Data for the task
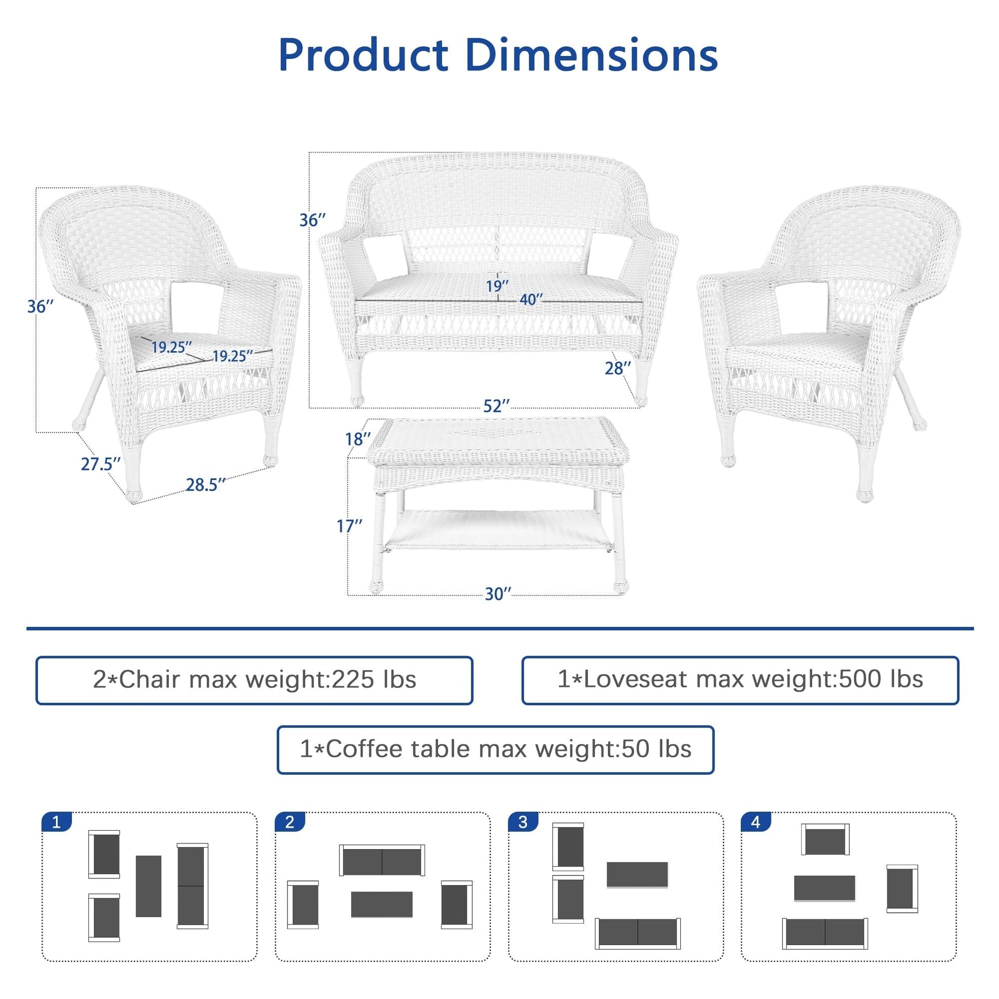 Détendez-vous avec style et confort grâce à cet élégant ensemble de patio en résine tressée 4 pièces qui transformera votre espace extérieur. Fabriqué en résine tressée de haute qualité résistante aux intempéries et doté d'une structure en acier robuste, cet ensemble est conçu pour affronter les intempéries et convient parfaitement à une utilisation intérieure et extérieure. Son design traditionnel en résine tressée blanche apporte une touche de raffinement à votre terrasse ou votre jardin, tandis que le canapé confortable, les deux fauteuils et la table basse offrent de nombreuses places assises pour vous et vos invités.
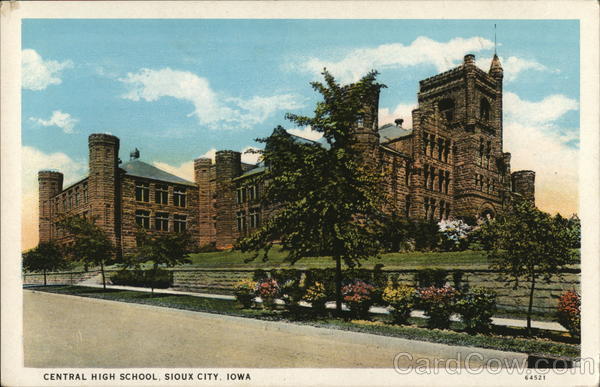 Front: Hi CENTRAL HIGH SCHOOL, SIOUX CITY, IOWA Sanamint 11 WH 64521 Back: 1930 вт Oliver Urpe C. T. AMERICAN ART COLORED TE HERE
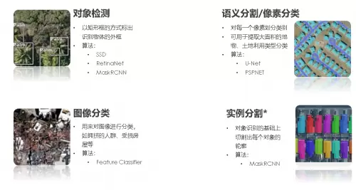 在ArcGIS 10.8中,新增支持6个深度学习模型,分别是目标检测模型SSD和RetinaNet,像素分类模型UNet和PSPNet,图像分类模型Feature Classifier,以及实例分割模型MaskRCNN,全面覆盖4大场景。
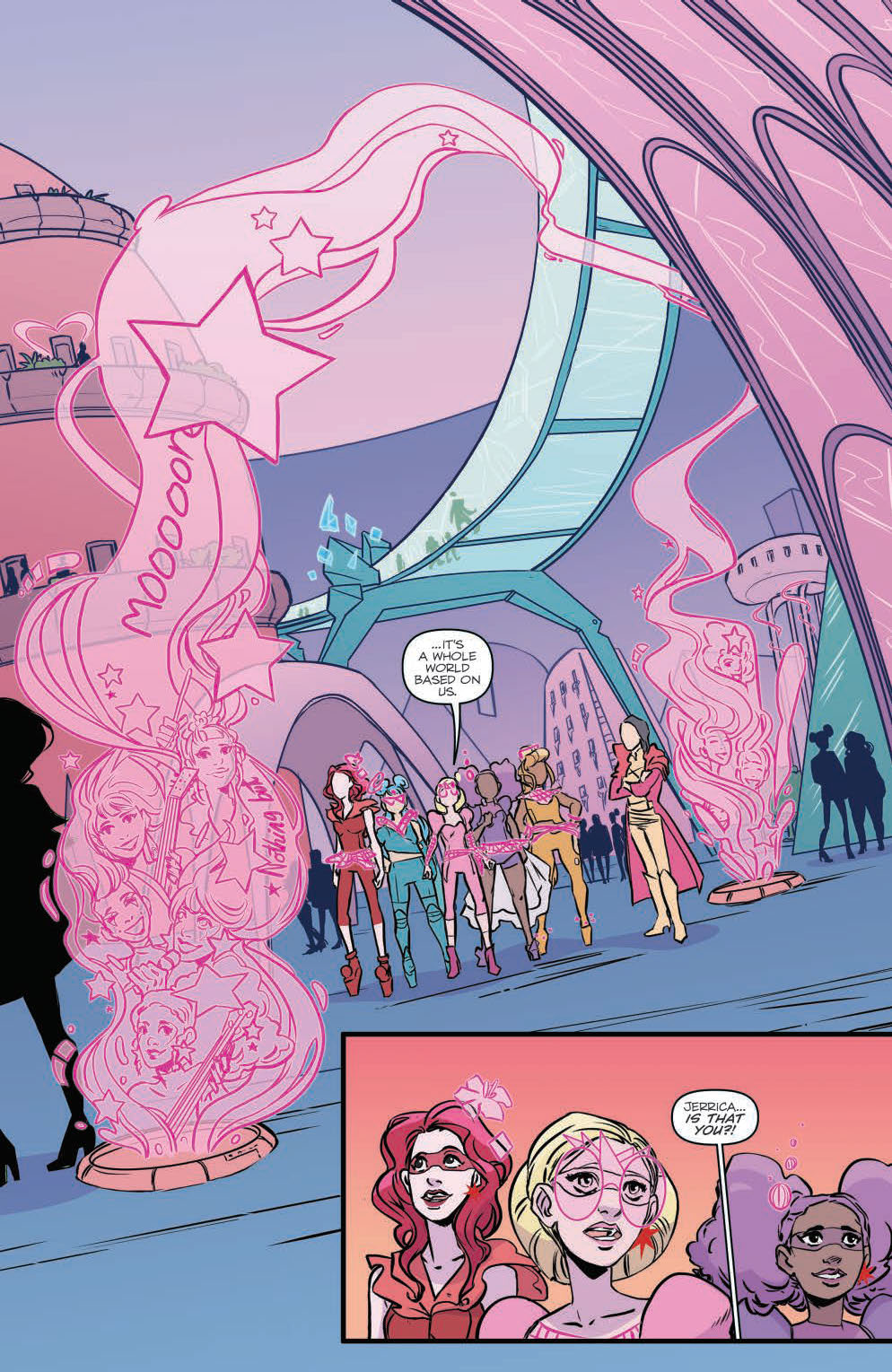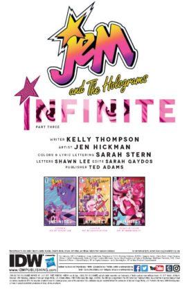 The FIRST EVER Jem/Misfits Crossover Event continues here in “INFINITE PART THREE!” Jem and The Holograms are transported to another world where they (and unlikely allies The Misfits!) must save the world from JEMCORP, a corrupt corporation that now controls all Hologram Technology!
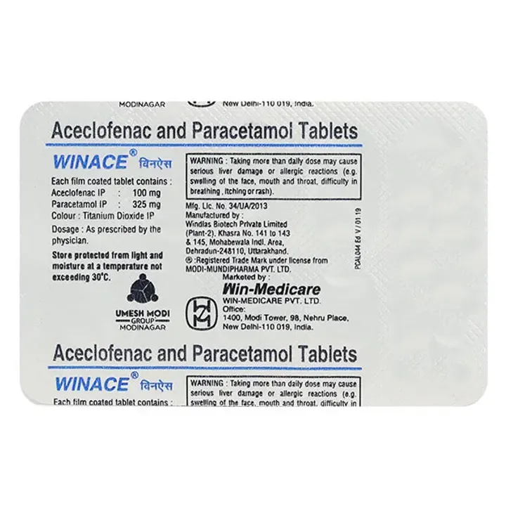 Aceclofenac (100mg), Paracetamol (325mg)
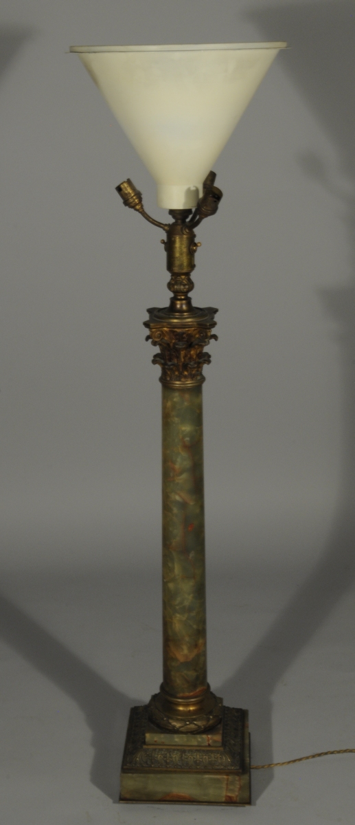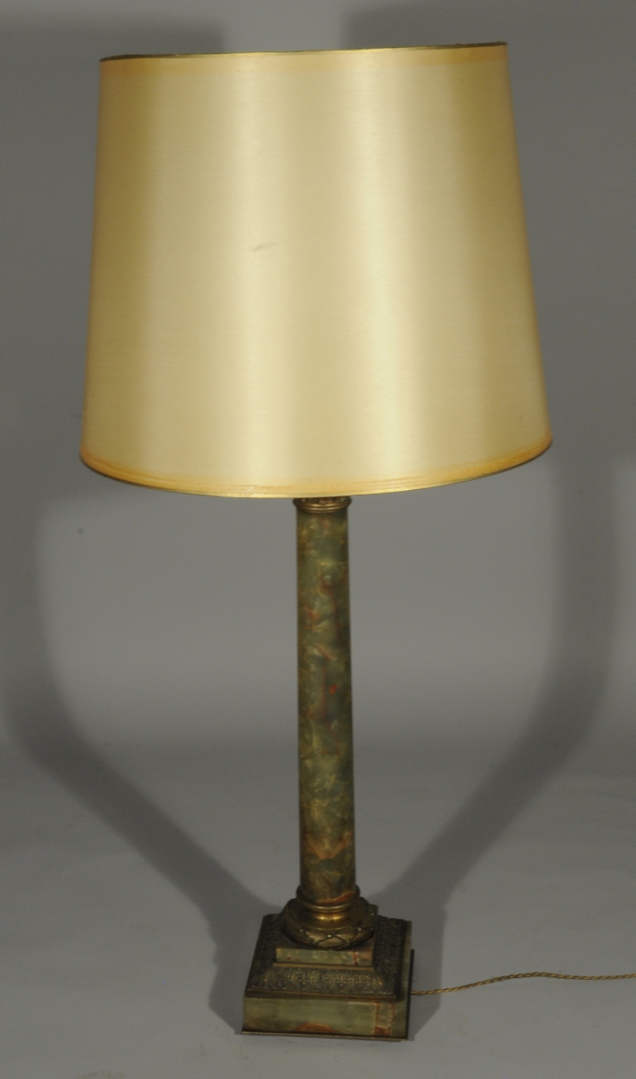 LAMPE à quatre lumières adoptant la forme d'une colonne corinthienne en onyx vert agrémenté d'éléments en bronze doré tels que chapiteau, base en tore de laurier et frise feuillagée. Socle carré en bronze. Repose sur quatre petits pieds boule.

Your task
Starting from the line containing "Aceclofenac (100mg), Paracetamol (325mg)", repeat each line exactly through the end of the entries, including the last, while leaving pictures out.

Output
 Aceclofenac (100mg), Paracetamol (325mg)
 LAMPE à quatre lumières adoptant la forme d'une colonne corinthienne en onyx vert agrémenté d'éléments en bronze doré tels que chapiteau, base en tore de laurier et frise feuillagée. Socle carré en bronze. Repose sur quatre petits pieds boule.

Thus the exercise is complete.